Once an eruption has begun, a variety of data is generated through ground-based and remote sensing techniques, including eruption column heights and ash and gas distribution; pyroclastic density current and lava flow paths and volumes; petrology, geochemistry, and fluxes of erupting products and emitted gases; deformation; and seismicity. Accurate and frequent, possibly real-time or near-real-time, ingestion into databases would allow scientists at observatories to improve eruption modeling and forecasts of how the eruption will proceed and when it may end.
Despite the many existing databases, key information is not currently included, such as compositional information for eruptions over time; field data (e.g., maps and videos); ash fall, pyroclastic density current, lava flow, and lahar inundation maps; textural and sieve data; and samples including location information.
There are many challenges to moving toward a comprehensive volcano science database, including establishing standards for relevant data and metadata, linking databases through web services, and making a long-term commitment to maintenance. Significant efforts were required to develop standards for seismic networks, and these apply mainly to large networks such as the Global Seismic Network. Data from volcanoes are likely to be much more heterogeneous. Moreover, much of the relevant data are collected by volcano observatory staff, who have little time to disseminate them during heightened activity or may be concerned about public misunderstanding and alarm. The USGS will be making all published data publicly available, although mechanisms to share data with volcano scientists in real time have not yet been developed.

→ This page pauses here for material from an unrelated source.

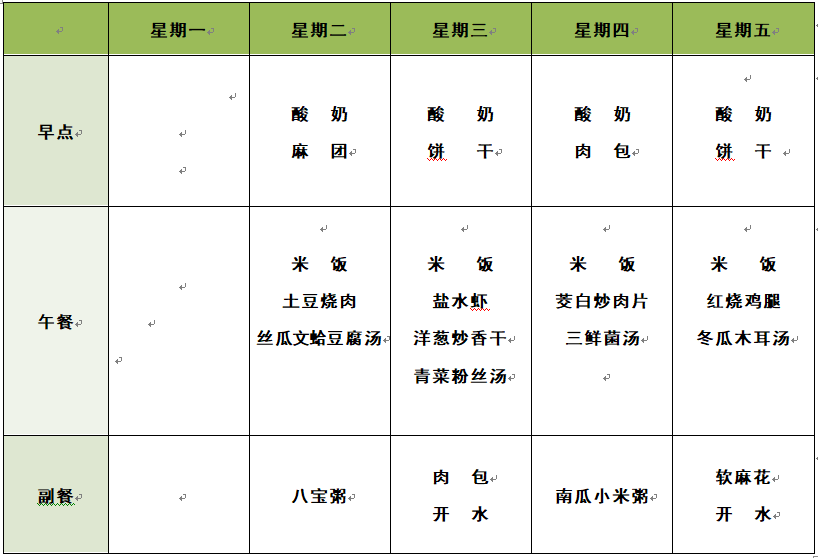 2020年上半年第八周幼儿食谱
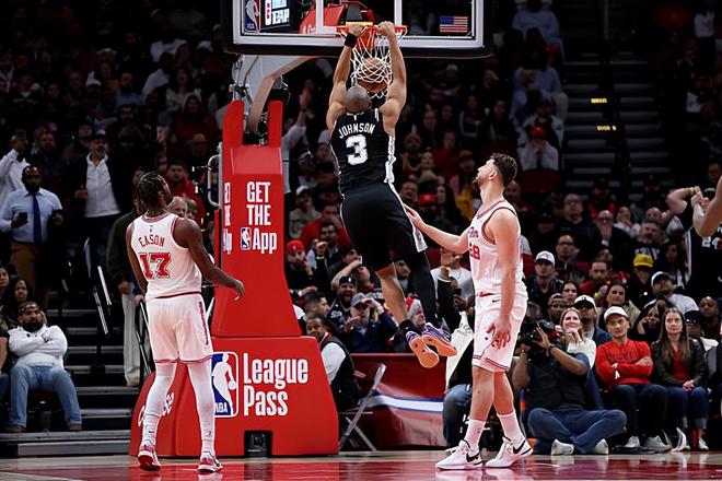 本场比赛中,马刺的替补侧翼大将凯尔登-约翰逊(Keldon Johnson)又一次打出了非常出色的表现。约翰逊全场出场26分40秒,投篮15中8,三分线外4中1,得到了17分7篮板5助攻的全面数据,还有1次失误和4次犯规,正负值更是达到了全场最高的+18。约翰逊在进攻端的作用非常突出,他不断通过突破完成得分,他的冲击力和篮下终结能力都是值得肯定的,而且他也具备一定的外线投篮威胁。除此之外,他也展现出了不错的传球能力和组织能力,他在这方面的表现同样是超出预期的。约翰逊在比赛第三节单节拿下了9分,这也为球队追回比分以及在比赛第四节奠定胜局做出了不小的贡献。约翰逊算是又一次很好地扮演了超级第六人的角色,成为了球队取得胜利的关键人物。

University researchers, who put enormous effort into data collection, may also be reluctant to make data freely available before publishing their interpretations. Different disciplines have different standards for data sharing. For example, there is a 2-year moratorium before seismic data must be made publicly available through the IRIS (Incorporated Research Institutions for Seismology) Data Management Center. Digital Object Identifiers provide one mechanism for acknowledging researchers’ contribution to data collections.

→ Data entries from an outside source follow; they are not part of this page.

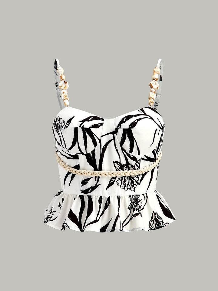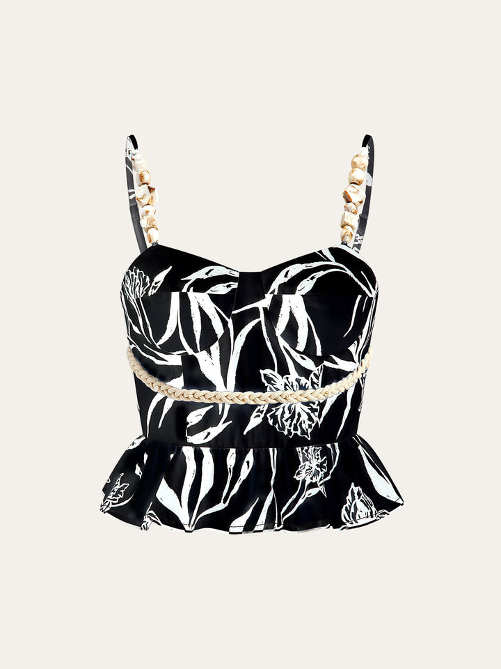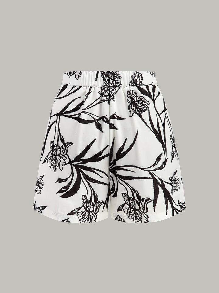 Çiçek Desenli Peplum Üst Ve Şort Takımı
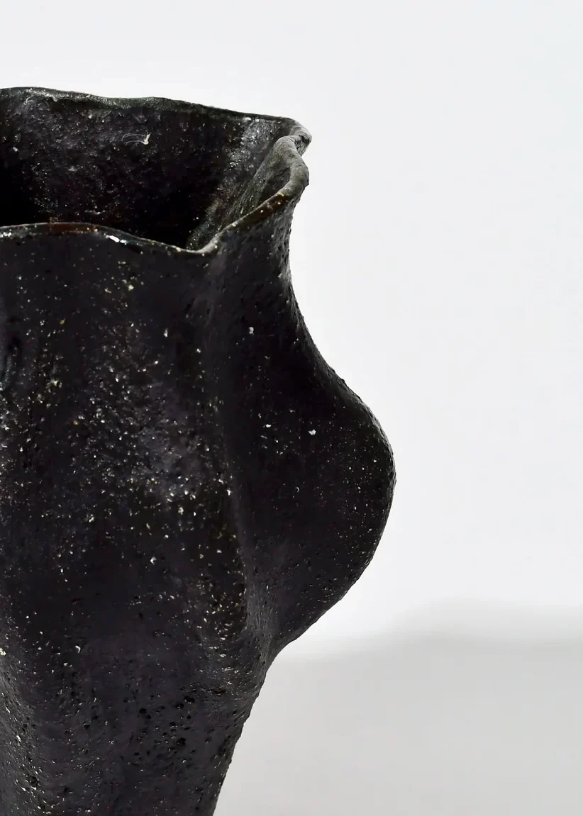 Entièrement façonnée à la main, cette pièce unique naît des gestes ancestraux des techniques de l’enroulement et de la sculpture. Un engobe d’oxyde habille sa surface d’une douceur satinée, tandis que l’intérieur vitrifié révèle un contraste subtil et raffiné, sublimant la beauté brute de l’ensemble.
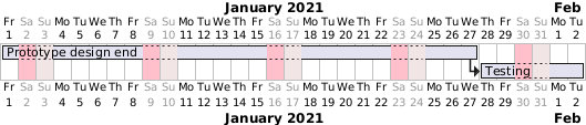 @startgantt saturday are closed and are colored in pink sunday are closed Project starts the 1st of january 2021 [Prototype design end] as [TASK1] lasts 19 days [Testing] lasts 4 days [TASK1]->[Testing] @endgantt
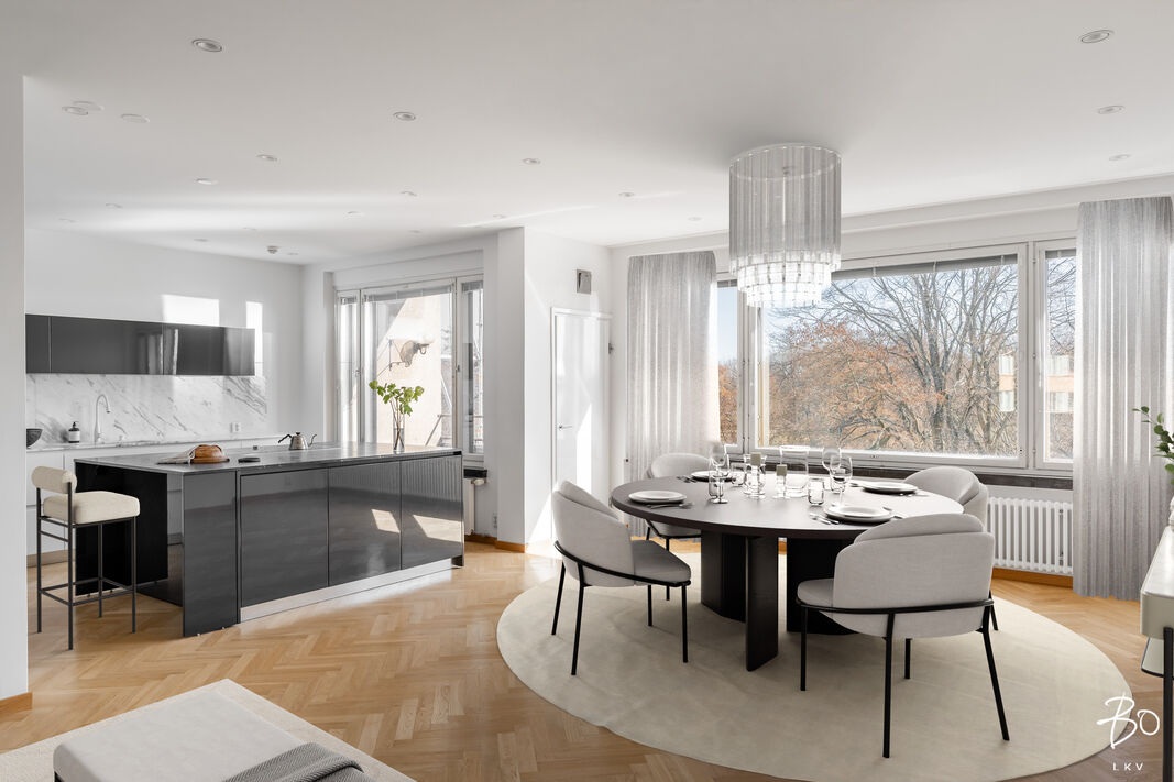 Tervetuloa tutustumaan tähän upeaan kotiin, joka sijaitsee Kaivopuiston reunalla, hissitalon viidennessä kerroksessa. Laadukkaasti toteutetulla remontilla on luotu arvokasta tunnelmaa valoisaan, läpitalon huoneistoon. Huolella valitut materiaalit ja viimeistellyt pinnat tuovat arvokkuutta ja harmoniaa jokaiseen huoneeseen.
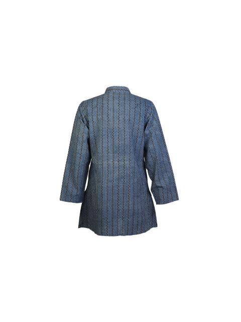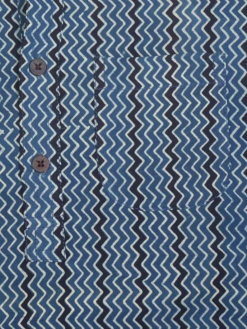 Blue and black printed kurta, made of cotton fabric, has a round neck, long sleeves, buttoned chest placket and slit side seams
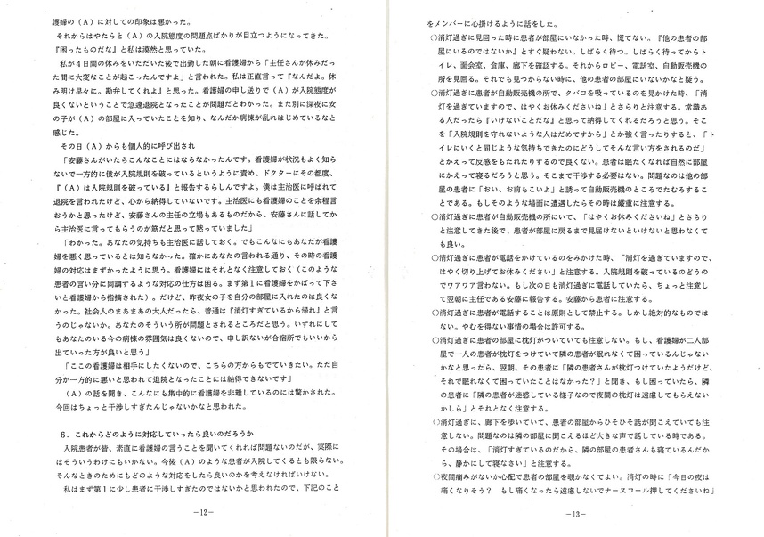 入院患者が皆、素直に看護婦の言うことを聞いてくれれば問題ないのだが、 実際にはそういうわけにもいかない。 今後 (A) のような患者が入院してくるとも限らない。

Additional challenges are specific to the USGS Volcano Disaster Assistance Program (VDAP). VDAP is deployed outside the United States following a formal request through the U.S. Agency for International Development. USGS employees are guests of the host countries and observatories. Part of their mission is to build capacity. The pattern has been for data to remain in the host country. There is thus an inherent tension between promoting the professional careers of local scientists by giving them primacy in publishing data, and ensuring that unique data are made available to the broader scientific community and archived in perpetuity.

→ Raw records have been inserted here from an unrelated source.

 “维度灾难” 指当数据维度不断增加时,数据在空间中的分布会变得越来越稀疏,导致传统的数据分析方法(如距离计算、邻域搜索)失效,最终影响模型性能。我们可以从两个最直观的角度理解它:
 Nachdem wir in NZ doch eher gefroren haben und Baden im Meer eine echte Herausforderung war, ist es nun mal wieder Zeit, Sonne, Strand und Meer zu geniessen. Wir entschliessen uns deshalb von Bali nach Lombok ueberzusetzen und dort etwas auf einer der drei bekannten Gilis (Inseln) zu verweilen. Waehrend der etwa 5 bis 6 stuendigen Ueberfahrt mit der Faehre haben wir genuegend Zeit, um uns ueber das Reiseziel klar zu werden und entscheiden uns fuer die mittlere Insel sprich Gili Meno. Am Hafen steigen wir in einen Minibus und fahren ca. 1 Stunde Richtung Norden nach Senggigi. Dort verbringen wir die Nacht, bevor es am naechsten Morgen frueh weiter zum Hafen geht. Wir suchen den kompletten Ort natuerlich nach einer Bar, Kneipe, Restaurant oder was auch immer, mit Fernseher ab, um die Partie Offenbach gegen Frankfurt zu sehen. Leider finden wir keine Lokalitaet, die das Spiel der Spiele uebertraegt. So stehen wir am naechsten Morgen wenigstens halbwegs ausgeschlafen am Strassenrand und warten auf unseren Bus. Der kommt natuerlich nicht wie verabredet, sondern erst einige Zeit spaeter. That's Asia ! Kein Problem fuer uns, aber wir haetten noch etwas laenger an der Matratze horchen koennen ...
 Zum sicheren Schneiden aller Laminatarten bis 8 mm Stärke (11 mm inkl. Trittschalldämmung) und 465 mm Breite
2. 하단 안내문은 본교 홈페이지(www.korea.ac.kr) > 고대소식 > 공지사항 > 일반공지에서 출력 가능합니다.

Observatory and academic volcano scientists are currently well positioned to foster partnerships to take full advantage of rich data sets collected through monitoring and ensure that scientific gains from future major eruptions are maximized. Bringing together the different knowledge, expertise, and perspectives of these two groups will contribute to building a strong volcano science community capable of making new discoveries, developing and testing new instrumentation and monitoring techniques, and implementing more accurate and sophisticated forecasting models. USGS–academic partnerships can support the mission of the USGS by expanding the community of scientists studying volcanoes, and by training the next generation of professionals engaged in volcano science. The National Earthquake Hazards Reduction Program program7 has been successful in promoting such partnerships for earthquake science.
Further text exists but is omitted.